_DATA EXTRACT_
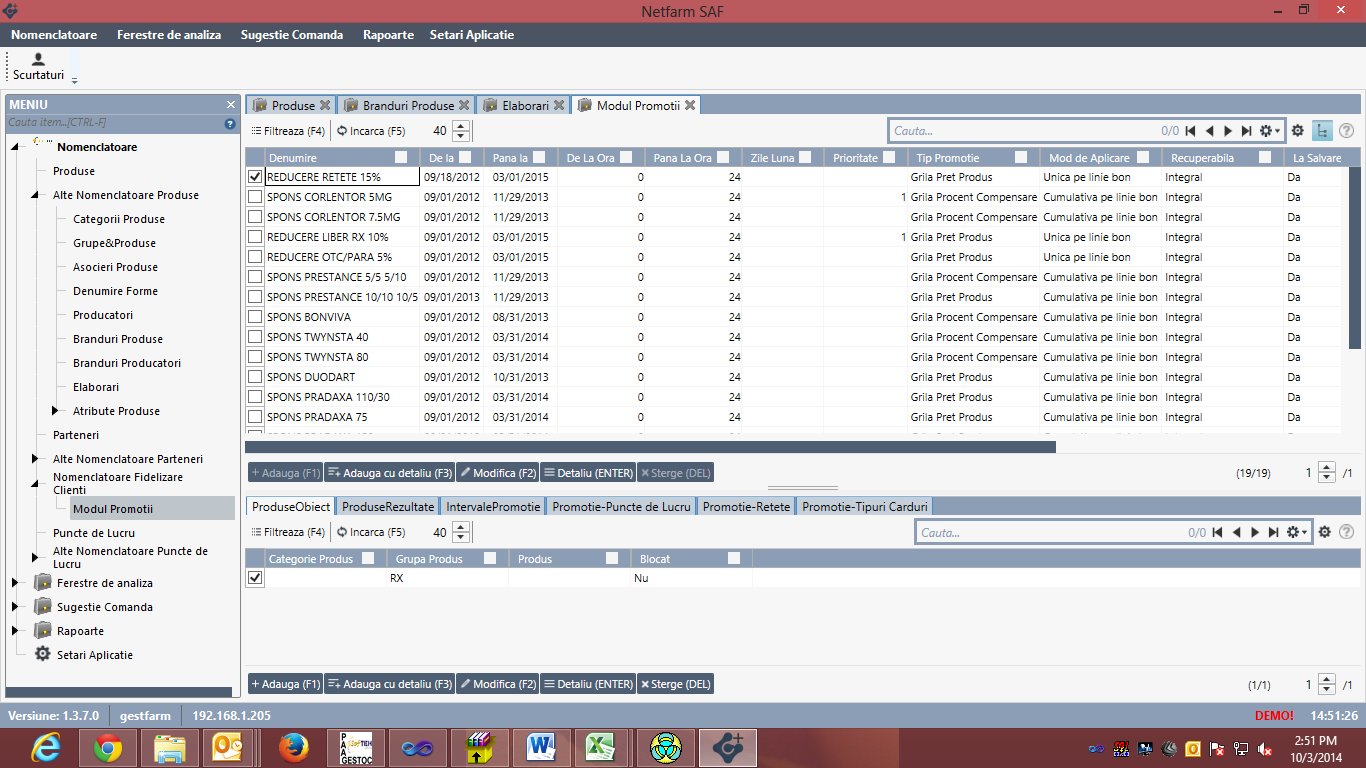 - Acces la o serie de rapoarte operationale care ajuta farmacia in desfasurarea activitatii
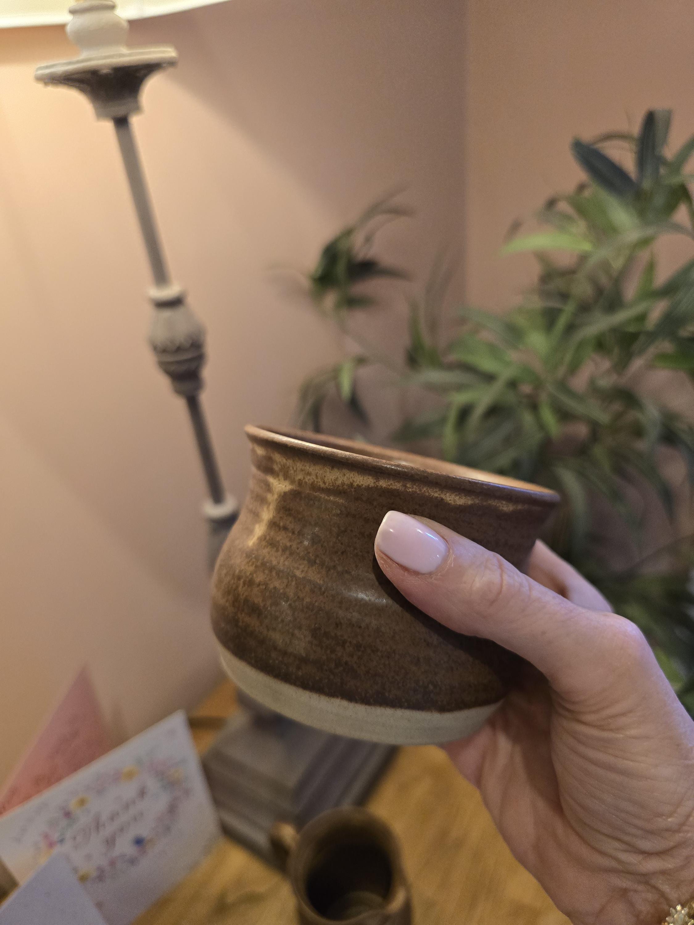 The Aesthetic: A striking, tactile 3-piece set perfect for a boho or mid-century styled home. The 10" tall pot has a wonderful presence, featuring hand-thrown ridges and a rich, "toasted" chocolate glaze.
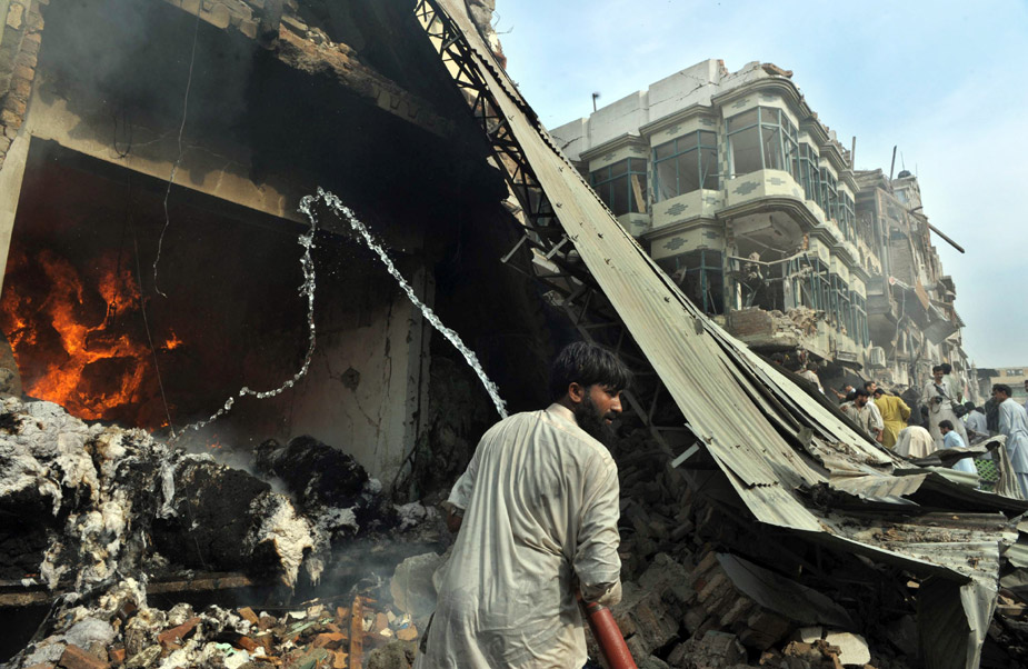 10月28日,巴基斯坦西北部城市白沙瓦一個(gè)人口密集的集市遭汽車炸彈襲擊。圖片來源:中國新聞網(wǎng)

_WHAT THE TASK REQUIRES_
Would you retype all the material above exactly, apart from its pictures?

_EXERCISE SOLUTION_
 - Acces la o serie de rapoarte operationale care ajuta farmacia in desfasurarea activitatii
 The Aesthetic: A striking, tactile 3-piece set perfect for a boho or mid-century styled home. The 10" tall pot has a wonderful presence, featuring hand-thrown ridges and a rich, "toasted" chocolate glaze.
 10月28日,巴基斯坦西北部城市白沙瓦一個(gè)人口密集的集市遭汽車炸彈襲擊。圖片來源:中國新聞網(wǎng)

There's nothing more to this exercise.